One of the most important findings in the present study is the evident clustering of FA- and CAP-exposed samples in both OPLS-DA score plotting and heatmap analysis. These clusterings strongly suggest that chronic CAP exposure markedly altered the circulating metabolome. They are consistent with numerous previous studies showing that chronic ambient PM2.5 exposure correlates with various systemic and/or extra-pulmonary effects (Chen et al., 2017; Chen et al., 2018; Gorr et al., 2014; Hu et al., 2017; Sancini et al., 2014; Zhang et al., 2017). Notably, in spite of those numerous studies investigating the toxicity of chronic ambient PM2.5 exposure, its biomarker(s) has not yet been established. These evident clusterings of FA- and CAP-exposed samples in the present study, even in the presence of a marked individual variation, strongly suggests that the toxicity of PM2.5 may be well reflected by a signature of circulating metabolites.

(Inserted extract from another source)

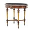 TAVOLINO di forma ovale in legno di noce con perfili dorati, piano in marmo nero portoro.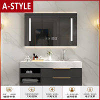 苏宁放心购智能橡木浴室柜组合落地现代简约洗手洗脸盆卫生间洗漱台北欧轻奢A-STYLE

In the present study, our KEGG pathway analyses have identified six metabolic pathways that were significantly impacted by chronic exposure to CAP. It is noteworthy that all of these impacted pathways were related to metabolism of amino acids. These data suggest that amino acid metabolism may be one of the most important targets by chronic ambient PM2.5 exposure. As shown in Table 1, the proteinogenic amino acids impacted by chronic exposure to CAP include alanine and leucine. Chronic exposure to CAP significantly increased their circulating levels. Interestingly, although alanine and leucine belong to different classes of amino acids and have different biological functions, both have been shown to correlate with susceptibility to type 2 diabetes (Newgard et al., 2009; Sattar et al., 2004). They are believed to be even better predictors for the development of diabetes in the setting of obesity than lipids do (Melnik, 2012; Newgard et al., 2009). Therefore, these impacts on amino acid metabolism by chronic exposure to CAP may also reflect impairment of glucose homeostasis. This is consistent with the rapidly increasing studies showing that ambient PM2.5 exposure results in various abnormalities on glucose metabolism (Esposito et al., 2016). However, further studies are still needed to determine whether these increases in circulating alanine and leucine are indicative of impaired glucose homeostasis in the context of PM2.5 pollution, and whether they reflect a novel mechanism whereby exposure to ambient PM2.5 impairs glucose homeostasis.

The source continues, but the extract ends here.